そうした対応は一般的なことですが、遺産を相続する法定相続人の中に認知症の発症者がいる場合は話が別です。
残念ながら、相続人の中に認知症の方がいる場合は、基本的に遺産分割協議をするのは難しいといえます。
ただ難しいと言われても納得できませんし、遺産分割協議ができないとなると困ってしまう方は多いはずです。
本記事では、認知症の相続人がいることで起こる問題や遺産分割のために成年後見人をつけるメリットが少ない理由、認知症の相続人がいる際の遺産分割方法について解説します。
目次
この項目では、認知症の相続人がいる場合、遺産相続にどのよう影響があるのか確認していきましょう。
冒頭でもお伝えしましたが、認知症の相続人がいると基本的に遺産分割協議を行うことができません。

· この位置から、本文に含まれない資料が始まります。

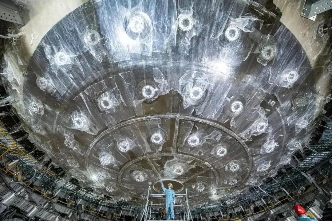 在現(xiàn)場負(fù)責(zé)安裝的湯臣科技項(xiàng)目負(fù)責(zé)人張高峰介紹,玻璃球直徑為35.4米,由263塊厚度達(dá)12厘米的有機(jī)玻璃,從頂端往下逐層拼接而成,成為世界最大的單體有機(jī)玻璃球。此前,國際上最大的有機(jī)玻璃球體在加拿大,直徑為12米。 中國科學(xué)院院士、中國科學(xué)院高能物理研究所所長王貽芳介紹,中微子被稱為宇宙中最古老、最神秘的“幽靈粒子”,其研究對(duì)理解宇宙模型、人類生存的物質(zhì)世界等都具有重要意義,是國際最前沿的基礎(chǔ)研究。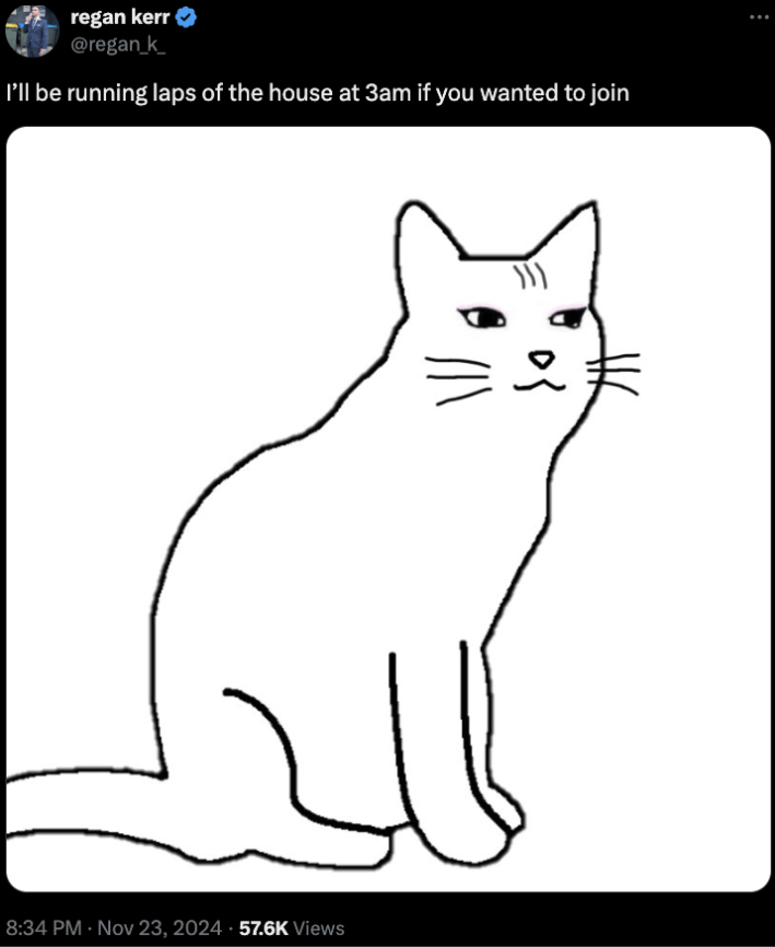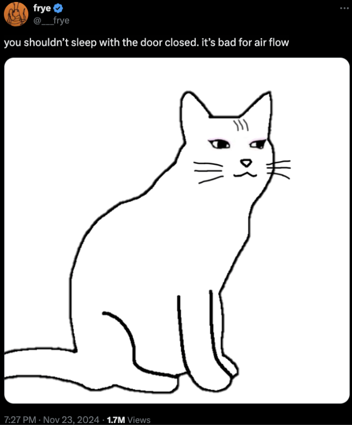 The Catjak first appeared on November 23, 2024, on X.com via the account @___frye with a caption reading, "you shouldn’t sleep with the door closed. it’s bad for air flow."

というのも、認知症を発症すると判断力や理解力の低下を招き、物事を正確に理解することができなくなります。
物事の正確な判断ができないと何が問題かというと、法律の世界においては、「物を買う・売る」「家を貸す・借りる」など、権利・義務が発生する行為(法律行為)には「意思能力」が欠かせません。
物事の正確な判断ができないというのは、この「意思能力」を欠く状態なのです。
そして、民法では、意思能力のない者による法律行為を無効としています。
法律行為の当事者が意思表示をした時に意思能力を有しなかったときは、その法律行為は、無効とする。
引用元:民法第三条の二
遺産分割協議も法律行為であるため、認知症の相続人は参加することができないのです。
なお、認知症であれば一律で法律行為が無効と判断されるわけではなく、症状の程度や行為当時の状況、契約内容などを総合的に考慮して判断します。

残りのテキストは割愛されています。